=== WORK ITEM ===
The printed result should hold only the lines from the opening of the data through the line bearing "mów Ludowych, a", exactly as given and without pictures.

=== Items from a data source ===
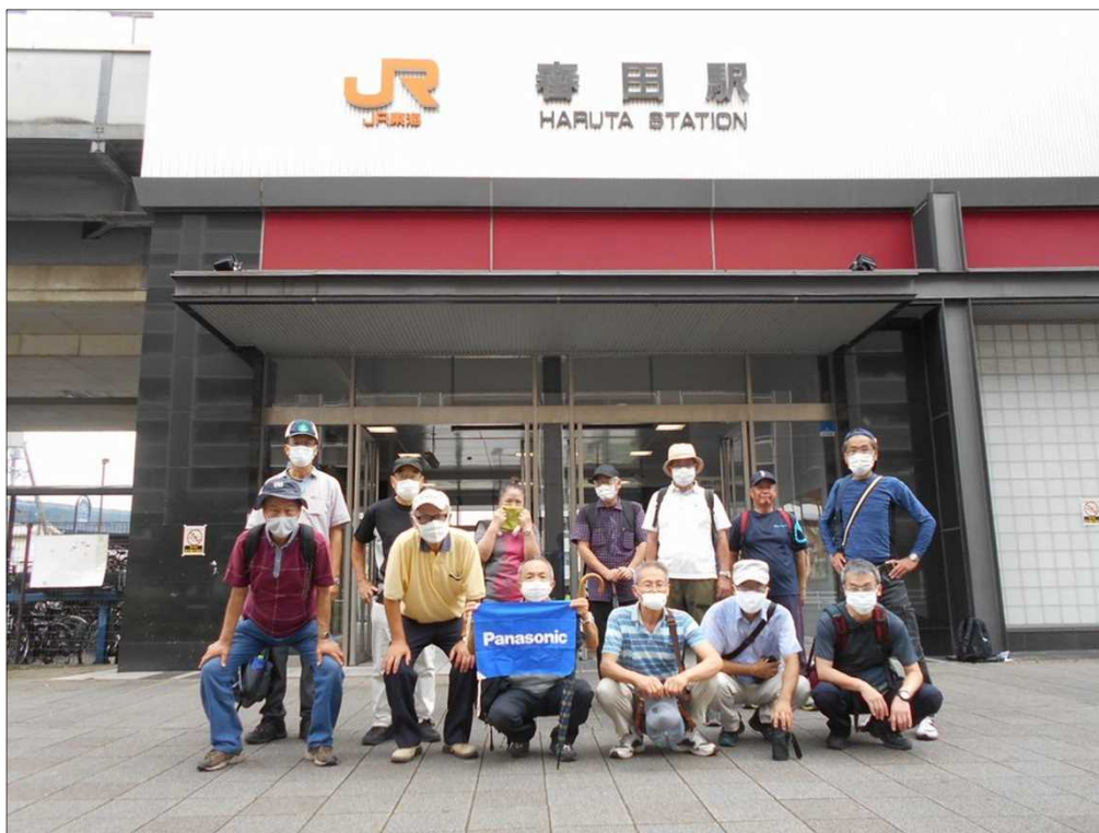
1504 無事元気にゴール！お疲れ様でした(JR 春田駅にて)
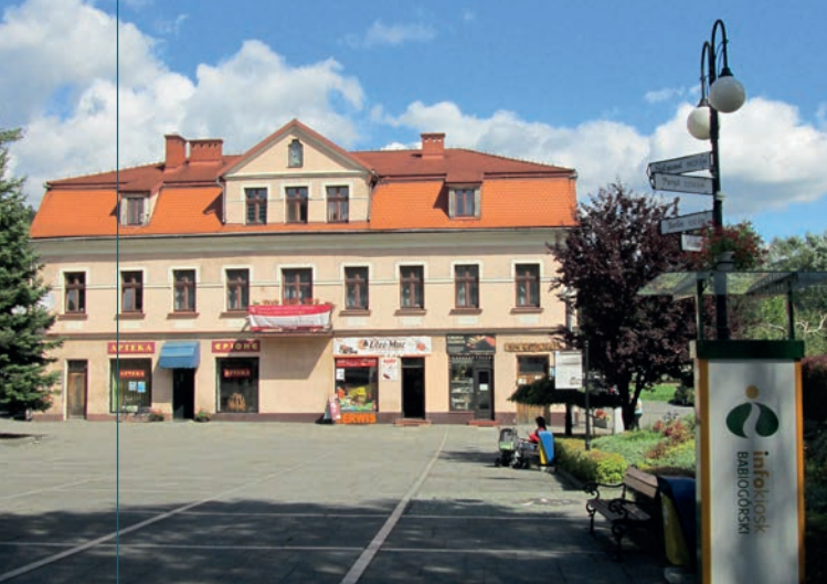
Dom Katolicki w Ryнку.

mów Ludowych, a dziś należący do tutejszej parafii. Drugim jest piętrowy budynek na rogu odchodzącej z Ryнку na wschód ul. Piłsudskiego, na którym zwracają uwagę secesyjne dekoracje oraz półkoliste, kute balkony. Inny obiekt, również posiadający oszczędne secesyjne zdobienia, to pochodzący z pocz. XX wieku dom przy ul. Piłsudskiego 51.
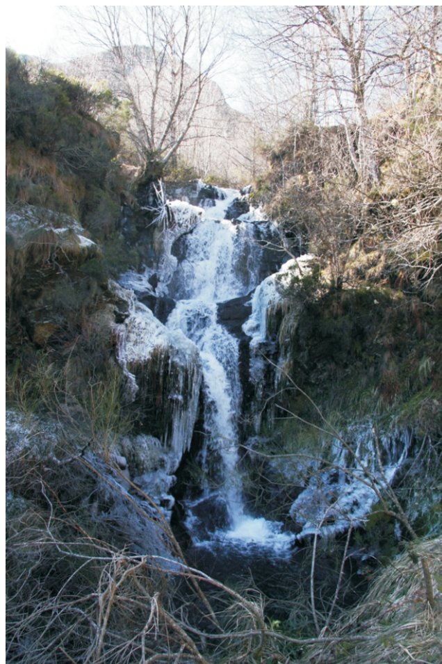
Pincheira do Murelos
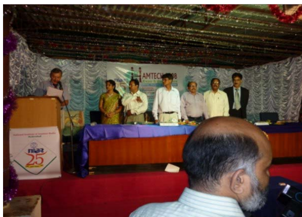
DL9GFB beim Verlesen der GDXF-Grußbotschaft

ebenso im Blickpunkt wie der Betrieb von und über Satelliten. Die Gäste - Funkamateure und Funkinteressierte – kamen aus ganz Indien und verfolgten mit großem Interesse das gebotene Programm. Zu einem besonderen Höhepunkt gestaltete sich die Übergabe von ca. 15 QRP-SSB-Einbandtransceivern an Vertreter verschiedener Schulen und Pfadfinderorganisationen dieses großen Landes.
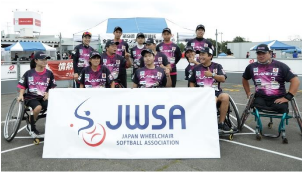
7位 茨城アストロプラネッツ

=== WRITTEN RESPONSE ===
1504 無事元気にゴール！お疲れ様でした(JR 春田駅にて)
Dom Katolicki w Ryнку.

mów Ludowych, a dziś należący do tutejszej parafii. Drugim jest piętrowy budynek na rogu odchodzącej z Ryнку na wschód ul. Piłsudskiego, na którym zwracają uwagę secesyjne dekoracje oraz półkoliste, kute balkony. Inny obiekt, również posiadający oszczędne secesyjne zdobienia, to pochodzący z pocz. XX wieku dom przy ul. Piłsudskiego 51.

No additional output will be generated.